Só de vê-la nos braços do "amigo", sentia seu sangue ferver. Sua vontade
era de ir até lá e arrancá-la dos braços dele, a força.
Rose assentiu e se despediu de Hayato com um beijo, quando o irmão a
deixou sozinha com ele novamente. Foi até a pista de dança e chamou por
Mabelle, que protestou dizendo que não iria embora. Jamal se ofereceu para
levá-la depois, e ela quase aceitou, mas sabia que se ficasse ele iria achar
que ela queria ir para outro lugar com ele e não, ela não queria. Recusando o
convite, ela se despediu dele com um beijo. Foram até Leonardo e se despediram
dele, que estava com cara de poucos amigos para Rose, que sorria como se nada
tivesse acontecido.
Depois de se despedirem, saíram do apartamento e desceram até o
estacionamento, onde Gregory as esperavam com o maxilar cerrado. Ao contrário
da ida, a volta pra casa foi feita em silêncio. Rose logo soube o porque do
irmão está tão puto, mas não entendia porque a amiga tinha ficado com Jamal na
frente dele. Assim que chegaram em casa Rose se despediu deles, subindo para
deixá-los sozinhos. Mabelle murmurou um boa noite estava quase subindo as
escadas quando Gregory disse:
- Mabelle, espera. Precisamos conversar.
- Sobre o que? - ela perguntou, virando-se pra ele.
- Nós. - ele disse serio.
- Hm... Existe um "nós"?
- Vamos conversar em outro lugar. Suas pernas vão ficar cansadas se
ficar ai..
Ela assentiu e o seguiu.
Sentaram na sala, de frente um para o outro. Gregory continua:
- Somos adultos e vamos ser francos, certo?
- Claro. - ela diz, também séria.
- Ok!
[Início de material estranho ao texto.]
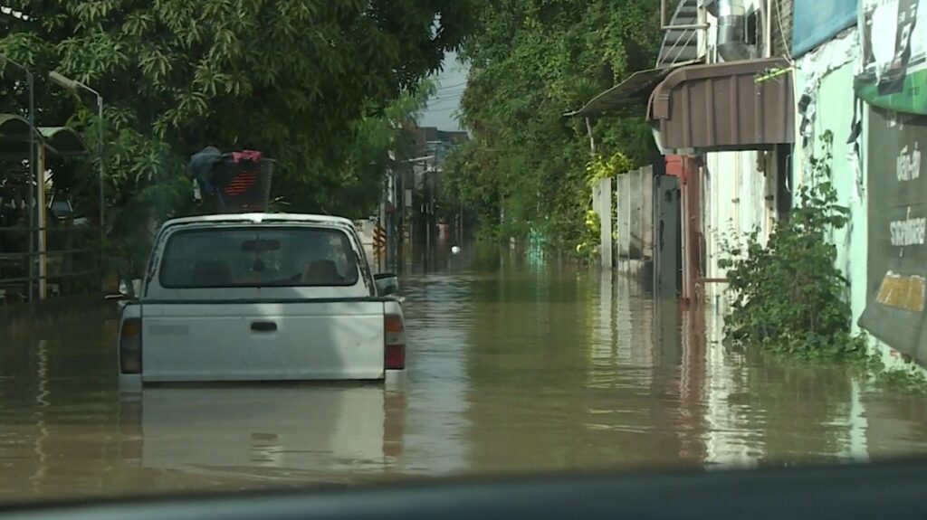 ส่วนพื้นที่รอบนอกตัวเมือง เส้นพื้นที่ ต.โพธิ์เสด็จ ตลาดหัวอิฐ ตลาดกลางเกษตร ที่มีน้ำท่วมสูง รวมถึงเส้นทางมุ่งหน้าสนามบินนครฯ ภาพรวมคลี่คลายลงแล้วเกือบหมด แต่ยังมีน้ำขังอยู่บนถนนเป็นช่วงๆ รถกลับมาสัญจรไปมาได้

Podemos ir direto ao assunto, então. - Ele limpa a garganta - Você esta interessada no Jamal?
- Ele é um cara bastante legal e atraente... Por que?
- Não foi nesse sentido que perguntei, Mabelle. Vou reformular... Sente
desejo por ele? - Gregory falou num tom mais frio.
- Eu não estou entendendo, Gregory, Pelo o que eu saiba eu sou uma
mulher livre, posso ficar com quem quiser... Só porque ficamos juntos, o que,
umas três vezes, eu tenho que te contar quando sinto ou não desejo por alguém?
- ela perguntou, fria também.
- Então é assim, vamos ficar nos pegando e.. Ser de outra pessoa?
- Você se preocupa com isso? Não me pareceu quando aquela morena te
agarrou na cozinha e você retribuiu... - ela disse finalmente, arqueando uma
sobrancelha
- Você viu... - ele respira fundo e passa a mão pelo cabelo. Gregory
perguntava a si mesmo o que estava acontecendo para Mabelle tinha tomado conta de sua
mente daquele jeito. Essa era uma verdade e que precisava ser dita ou enlouqueceria. - A
Allison não é como você...
- Com certeza não, mon cher. - ela sorriu, sarcástica. - Ela é bem
diferente! Acontece, Gregory, que se você tem o direito de ficar com outra
pessoa, eu também tenho, e se Jamal estiver disposto a ficar apenas comigo, eu
ficarei apenas com ele. Por enquanto eu estou solteira, mas talvez amanhã eu
não esteja.
- Mas você não.. Não pode ficar com ele, Mabelle. Não pode fazer isso
comigo. - ele disse olhando pra ela.
- E você pode fazer isso comigo? Pode ficar com outras mulheres na minha
frente, mas eu não? Me desculpe, Gregory, mas eu dou chance pra quem me da
exclusividade e não pra quem me trata como mais uma!
Gregory levanta do sofá e caminha inquieto pela sala. Estava confuso e
com medo. Medo de falar de uma vez que estava amando aquela linda mulher com
cabelos com de fogo. Confuso não entender como tudo aconteceu tao rápido e já deixava tanta marca. Respirando profundamente sentiu que deveria soltar tudo de
uma vez. Ela precisava saber ou seria o fim daquele sonho.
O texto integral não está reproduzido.